Task brief: What you return must be exactly the lines from the beginning of the material through the line containing "令和4年度 銀杏祭及び体育大会について(お知らせ)", both included, and no pictures.
*** Material provided ***
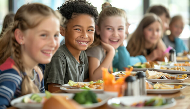 showing kids enjoying a communal meal in the camp dining hall, chatting and laughing together at long tables, fostering friendships and community, school, summer camp, kids, Fun, w
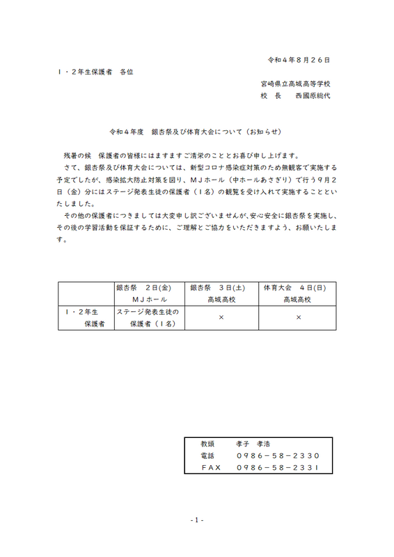 令和4年度 銀杏祭及び体育大会について(お知らせ)
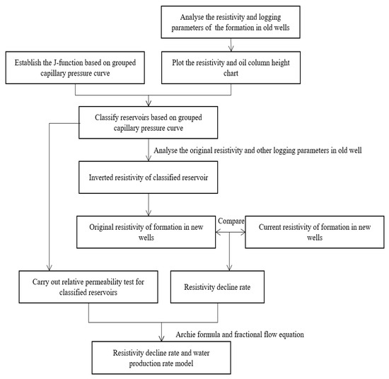 The resistivity is directly related to the water saturation, and the oil column height is the reflection of the capillary pressure. The J-functions of grouped capillary pressure curves are applied to the resistivity vs. oil column height crossplot to realize the classification of reservoirs with an unclear porosity–permeability relationship. Oil column height and GR are the key controls on the initial resistivity of the reservoirs in the study area. The initial resistivity can be reconstructed by using the multiple regression method. The relative permeability test is performed for the reservoirs. For each class of reservoirs, the relationship between water cut and resistivity decline rate is established, and the water-flooding intensity is finely divided. This method can help improve the accuracy of the quantitative evaluation of water-flooded zones.
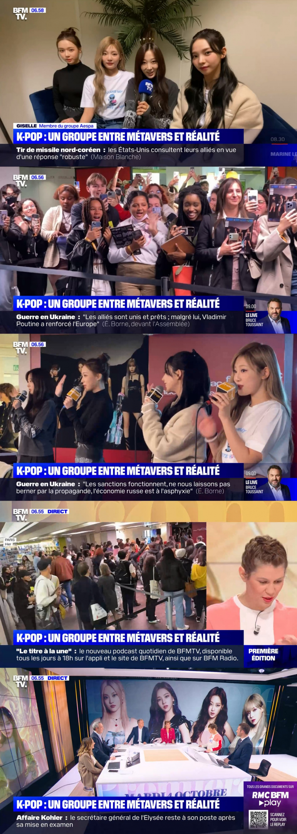 이후 약 1000만명의 일일 시청자를 보유한 프랑스 대표 뉴스 전문 채널 BFMTV는 에스파에 대해 '메타버스 세계와 현실을 오가는 K팝 그룹'이라며 콘셉트와 세계관을 소개한 것은 물론, 이번 팬사인회도 밀착 취재하며 높은 관심을 드러냈다.
*** End of Material provided ***
Response to this task:
 showing kids enjoying a communal meal in the camp dining hall, chatting and laughing together at long tables, fostering friendships and community, school, summer camp, kids, Fun, w
 令和4年度 銀杏祭及び体育大会について(お知らせ)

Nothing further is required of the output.